De Sade did not however leave it at that. Conscious of the immediate practical task of remaking French society, and concerned at the authoritarian direction the French Revolution was taking, he include in his Philosophie dans le boudoir (1795) a long address entitled Frenchmen, a further effort if you wish to be Republicans! It offers a political programme for a ‘free State’; a State which he would like to keep to a minimum. As such it is a synthesis of his two earlier positions.
The address continues to reject religion completely. De Sade calls on his fellow countrymen to replace the ‘theistic follies’ introduced by the ‘infamous Robespierre’ with social precepts to be taught by a system of national education. Although he would give the State this task to perform it still would have little power as a legal order. A new society would develop new morals and in a State based on liberty and equality there would be practically no crimes to be punished. The laws which might remain should be ‘so element and so few that all men whatever their character can comply with them’.14 At a time when the French government had just pronounced the respect of private property, de Sade maintained that there should only be a law which punishes not the robber but the man who is careless enough to let himself be robbed.
De Sade always insisted that crimes are committed out of want or passion, and the best way to avoid them is to eradicate the interest in breaking the law. As for those who commit crime because it is a crime, one should try and win them by kindness and honour. Above all, the death penalty should be abolished forever. Although murder is a horror, de Sade recognized that some killing may be necessary to defend a country and as such should be tolerated in a republic. As a crime of passion, however, it should not be revenged by another judicial murder.
As for those crimes motivated by lust (including rape, sodomy and incest), de Sade suggests that the ‘it is less a question of repressing this passion in ourselves than in regulating the means by which it can be satisfied in peace.’15 He therefore recommends public brothels where people can satisfy their wishes to command and be obeyed.

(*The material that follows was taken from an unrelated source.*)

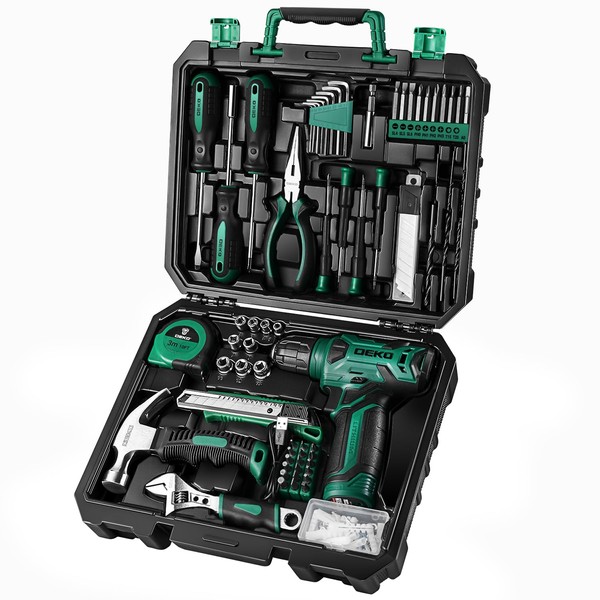 Tool Kit: 8V Cordless Drill, Home Toolbox with storage case, Hand Tool set for Home Repairs 126 Piece, Green

To avoid public disorder, de Sade advocates unbridled promiscuity: ‘give free play to these tyrannous desires, which despite himself torment him [man] ceaselessly’.16 The satisfaction of physical love as a natural passion should not be bound by marriage bonds, false modesty or even that love – called the ‘madness of the soul’—which is selfish and exclusive.17 And consistent with his doctrine of complete equality, de Sade insists that women should have the equal opportunity and the same licence as men to satisfy their own desires:
no act of possession can ever be exercised on a free person; it is as unjust to possess a woman exclusively as it is to possess slaves; all humans are born free and with equal rights; let us never forget that; consequently no sex can have a legitimate right to the exclusive possession of another, and no sex or class can possess the other exclusively.18
De Sade’s attitude to sex has often been misunderstood. He was the first to recognize the overwhelming importance of sex: ‘Lust is to the other passions what the nervous fluid is to life; it supports them all, it lends strength to them all.’19 But sadism is not merely a branch of sex. It has been defined more broadly as ‘the pleasure felt from the observed modifications on the external world produced by the will of the observer’.20 The crucial point is that the action is willed and that any act which produces visible and audible changes in another has a component of sexual pleasure. It so happens that for de Sade pleasure tends to be pain diminished, and pain is the absolute. It is easier to affect people by pain than pleasure, by destruction than creation, but this does not mean that constructive sadistic pleasure is not possible. And while he shows that the object of power is pleasure (which consists in applying sanctions to those in one’s control), de Sade’s egalitarian morality made him see all those who seek or acquire such power as evil.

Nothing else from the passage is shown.